Try it: Nothing in the listing should be altered when it is copied, and no picture goes into the copy.

Records for this exercise:
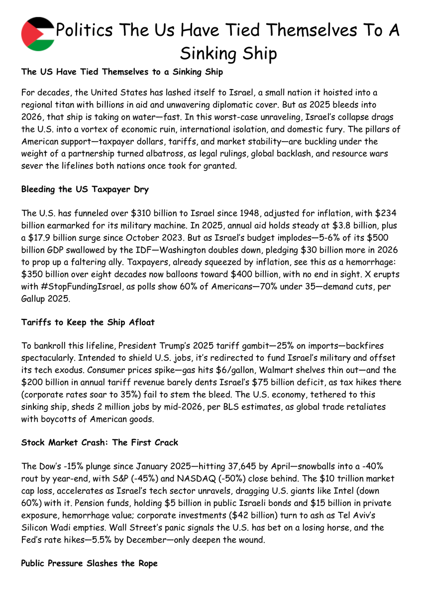 For decades, the United States has lashed itself to Israel, a small nation it hoisted into a regional titan with billions in aid and unwavering diplomatic cover. But as 2025 bleeds into 2026, that ship is taking on water—fast. In this worst-case unraveling, Israel’s collapse drags the U.S. into a vortex of economic ruin, international isolation, and domestic fury. The pillars of American support—taxpayer dollars, tariffs, and market stability—are buckling under the weight of a partnership turned albatross, as legal rulings, global backlash, and resource wars sever the lifelines both nations once took for granted.
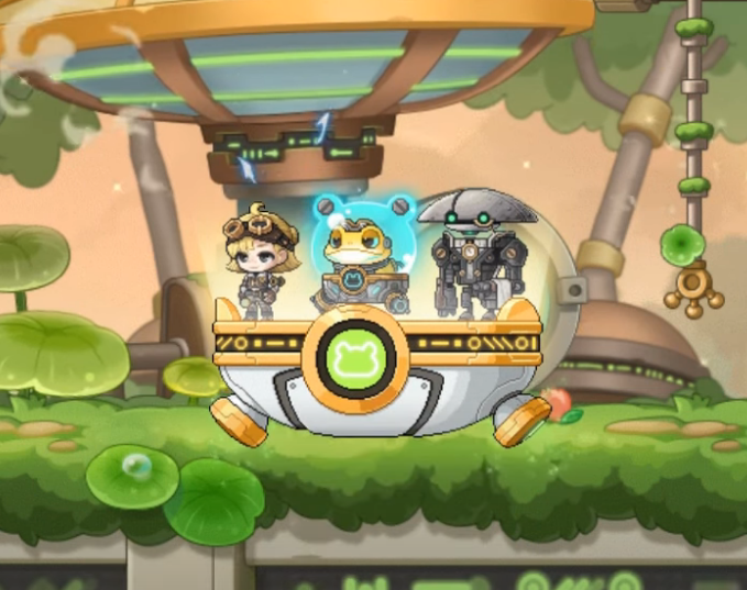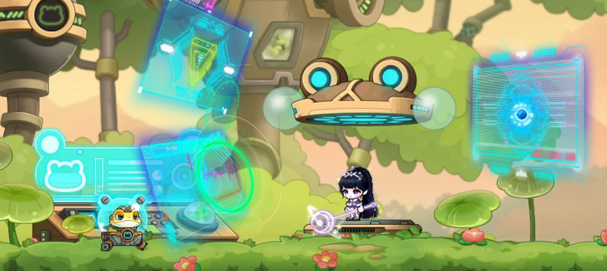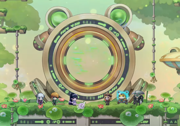 The group then found themselves in a strange, jungle-like dimension filled with lily pad flora and frog-like machinery. They began marveling at how the dimension seemed quite unlike Maple World or Grandis, though the Adversary noted to themselves that it seemed vaguely familiar. As Elwin began talking about the creature which had swallowed them, describing it as a frog, a young woman approached them and laughed that frogs weren’t reptiles, and that even a desert native like herself knew as much. Alongside her, a toad in a hover suit noted that it appeared as though the mages of the present day didn’t seem to study biology much. He added that not just anyone could become a mage back in his day, and that the outside world appeared to have changed quite a bit since then.
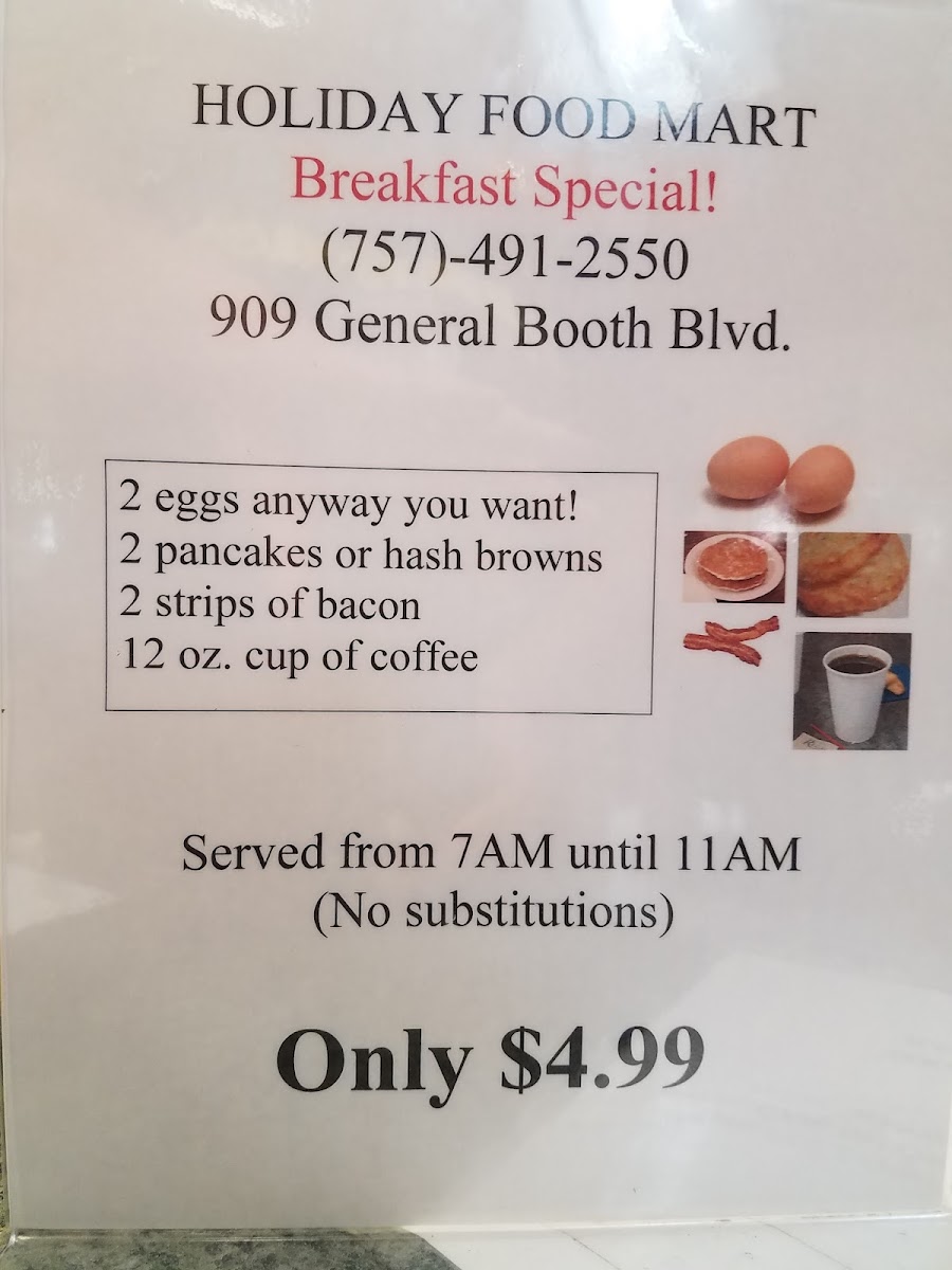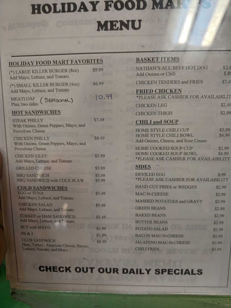 At Holiday Food Mart, you’ll find a menu that captures the vibrant flavors and comfort of home-cooked meals, all served with a dash of convenience. Nestled at 909 General Booth Blvd in Virginia Beach, this spot is your go-to for quick yet satisfying bites. The Holiday Food Mart Menu features a wide range of delicious options, from hearty sandwiches to fresh salads, each crafted to bring you a taste of something familiar and delicious. Whether you're grabbing a snack on the go or sitting down for a casual meal, there’s always something to please your taste buds. It’s not just about food here-it’s about enjoying great meals made with quality ingredients, all served in a relaxed atmosphere.
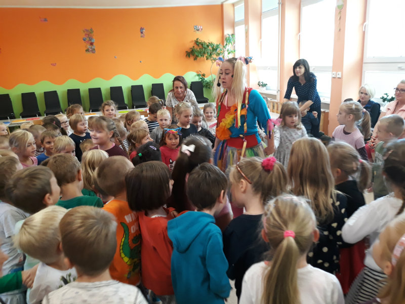 Dňa 28.9.2018 bola naša materská škola plná spevu, hudby, tanca, radosti. Deti si mohli zaspievať i niečo sa dozvedieť vďaka hudobnému programu Kto s čím pracuje. Ďakujeme Simsalale za veselú návštevu.
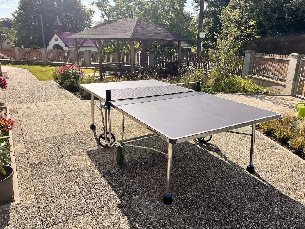 Nově je v zahradě pingpongový stůl.
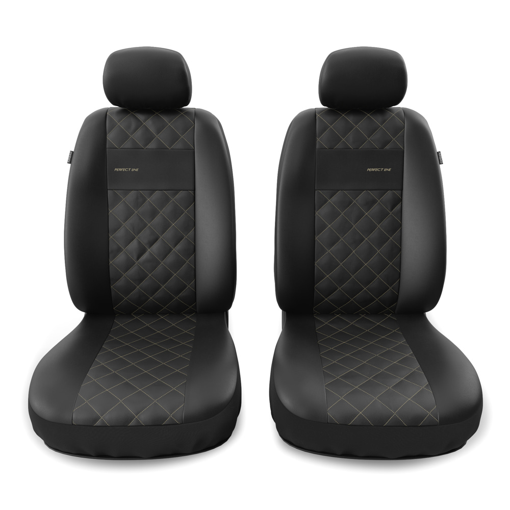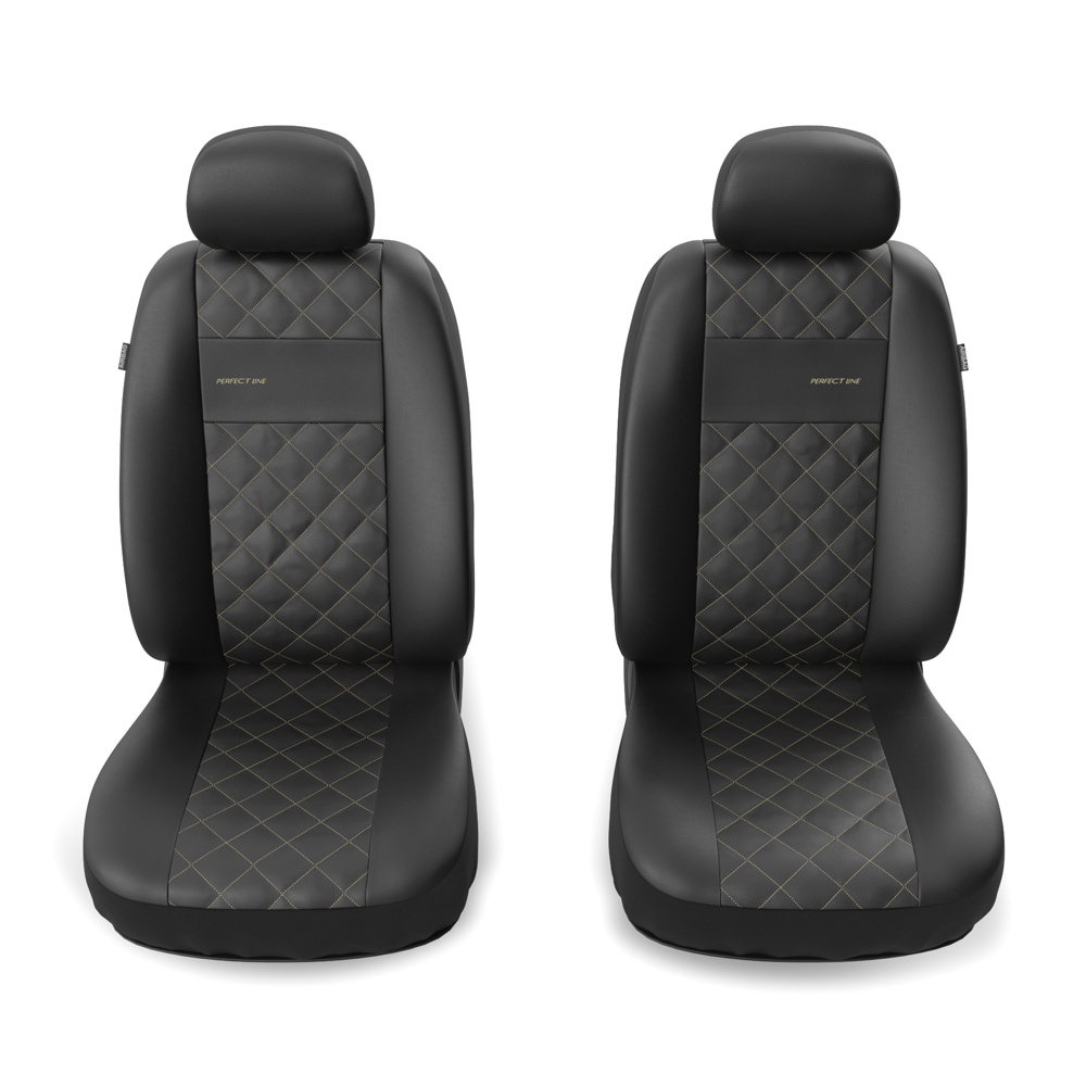 - Die Sitzbezüge bestehen aus strapazierfähigem, schmutzabweisendem schwarzem Kunstleder mit dekorativer Steppung in Beige in der Mitte. Die Vorderseiten der Bezüge sind zusätzlich bestickt.

Answer section:
 For decades, the United States has lashed itself to Israel, a small nation it hoisted into a regional titan with billions in aid and unwavering diplomatic cover. But as 2025 bleeds into 2026, that ship is taking on water—fast. In this worst-case unraveling, Israel’s collapse drags the U.S. into a vortex of economic ruin, international isolation, and domestic fury. The pillars of American support—taxpayer dollars, tariffs, and market stability—are buckling under the weight of a partnership turned albatross, as legal rulings, global backlash, and resource wars sever the lifelines both nations once took for granted.
 The group then found themselves in a strange, jungle-like dimension filled with lily pad flora and frog-like machinery. They began marveling at how the dimension seemed quite unlike Maple World or Grandis, though the Adversary noted to themselves that it seemed vaguely familiar. As Elwin began talking about the creature which had swallowed them, describing it as a frog, a young woman approached them and laughed that frogs weren’t reptiles, and that even a desert native like herself knew as much. Alongside her, a toad in a hover suit noted that it appeared as though the mages of the present day didn’t seem to study biology much. He added that not just anyone could become a mage back in his day, and that the outside world appeared to have changed quite a bit since then.
 At Holiday Food Mart, you’ll find a menu that captures the vibrant flavors and comfort of home-cooked meals, all served with a dash of convenience. Nestled at 909 General Booth Blvd in Virginia Beach, this spot is your go-to for quick yet satisfying bites. The Holiday Food Mart Menu features a wide range of delicious options, from hearty sandwiches to fresh salads, each crafted to bring you a taste of something familiar and delicious. Whether you're grabbing a snack on the go or sitting down for a casual meal, there’s always something to please your taste buds. It’s not just about food here-it’s about enjoying great meals made with quality ingredients, all served in a relaxed atmosphere.
 Dňa 28.9.2018 bola naša materská škola plná spevu, hudby, tanca, radosti. Deti si mohli zaspievať i niečo sa dozvedieť vďaka hudobnému programu Kto s čím pracuje. Ďakujeme Simsalale za veselú návštevu.
 Nově je v zahradě pingpongový stůl.
 - Die Sitzbezüge bestehen aus strapazierfähigem, schmutzabweisendem schwarzem Kunstleder mit dekorativer Steppung in Beige in der Mitte. Die Vorderseiten der Bezüge sind zusätzlich bestickt.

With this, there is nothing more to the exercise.